4. Kepemilikan institusional, risiko perusahaan, dan leverage secara simultan berpengaruh terhadap tindakan tax avoidance.

B. SARAN

Hasil penelitian ini diharapkan dapat memberikan kontribusi dalam pengembangan ilmu akuntansi yang khususnya berada pada bidang pajak mengenai dampak dari aktivitas tax avoidance. Penelitian ini dimasa mendatang diharapkan dapat menyajikan hasil yang lebih berkualitas lagi dengan adanya beberapa masukan mengenai beberapa hal diantaranya :

1. Penelitian selanjutnya dapat menggunakan pengukuran selain CETR (Cash Effective Tax Rate) dalam mengukur tax avoidance. Salah satu contohnya adalah dengan menggunakan pengukuran book tax gap (BTG).

2. Penelitian selanjutnya bisa mempertimbangan untuk meneliti tax avoidance untuk jangka panjang (10 tahun), Dyreng et al (2009) menyatakan bahwa pengukuran tax avoidance yang tepat bagi perusahaan adalah secara jangka panjang, karena diharapkan mampu menghapuskan permanent difference sehingga benar-benar

mencerminkan perilaku tax avoidance yang dilakukan oleh perusahaan.

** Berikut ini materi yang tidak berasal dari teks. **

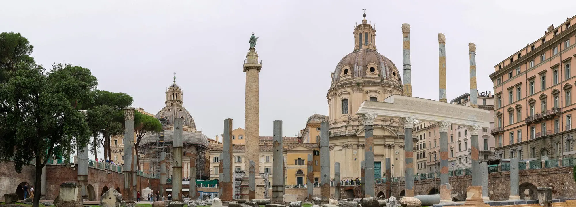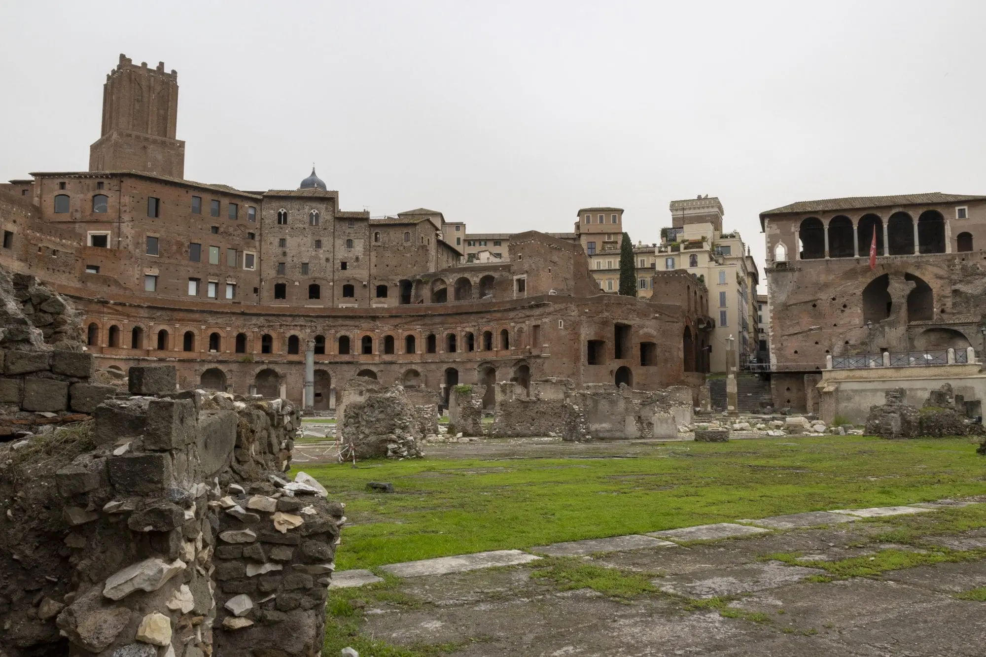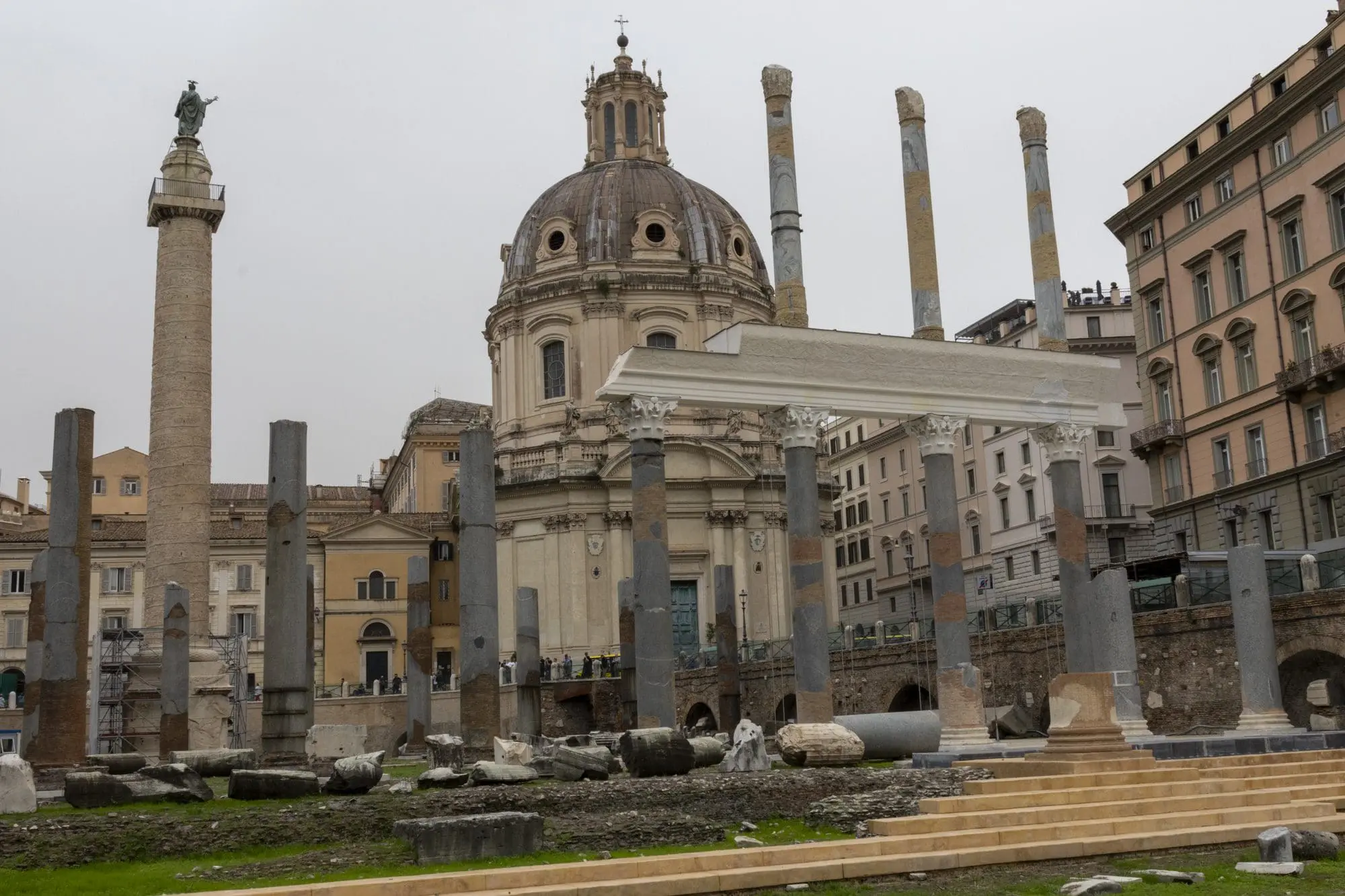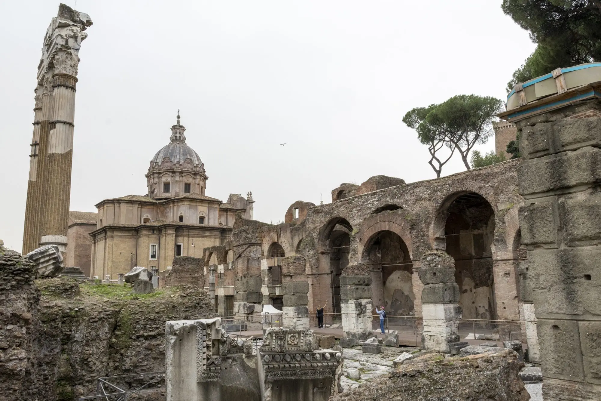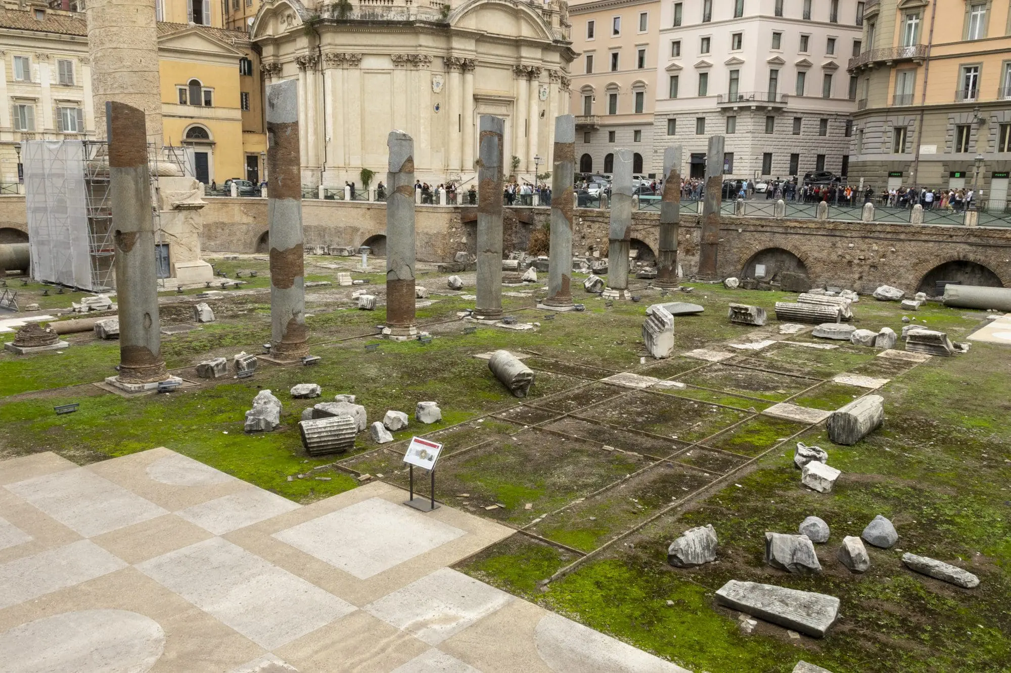 We ended up touring the forums mostly in reverse chronological order based on where we entered. The most recent one, the one whose ruins we walked through first, was Trajan’s Forum.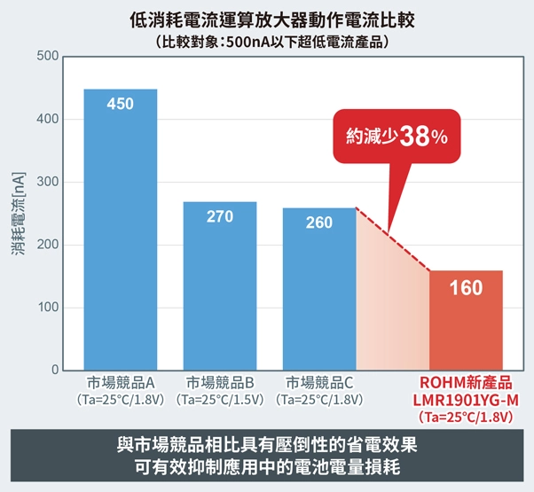 新產品採用ROHM獨家的超低消耗電流技術,徹底抑制了因溫度和電壓變化而導致的電流增加問題,與市場上的低消耗電流運算放大器相比,消耗電流減少約38%,僅為160nA(Typ.)。這不僅可延長由內建電池供電的電子貨架標籤等應用的使用壽命,還有助延長配備充電電池的智慧型手機等應用的續航時間。另外,在-40℃~+105℃的工作溫度範圍內,消耗電流幾乎不變,因此即使在火災報警器和環境感測器等外部溫度會發生變化的環境中,也能穩定進行省電運作。

3. Penelitian selanjutnya disarankan untuk meneliti perusahaan sektor industri lain selain sektor industri manufaktur. Dengan demikian dapat diketahui pengaruh dari kepemilikan institusional, risiko perusahaan, dan leverage terhadap tax avoidance dari masing-masing sektor industri yang ada.

4. Penelitian selanjutnya disarankan untuk menambah atau mengganti variabel independen lain yang mungkin mempengaruhi tindakan tax avoidance seperti ukuran perusahaan, kompensasi rugi fiskal, pertumbuhan penjualan, dan insentif pajak.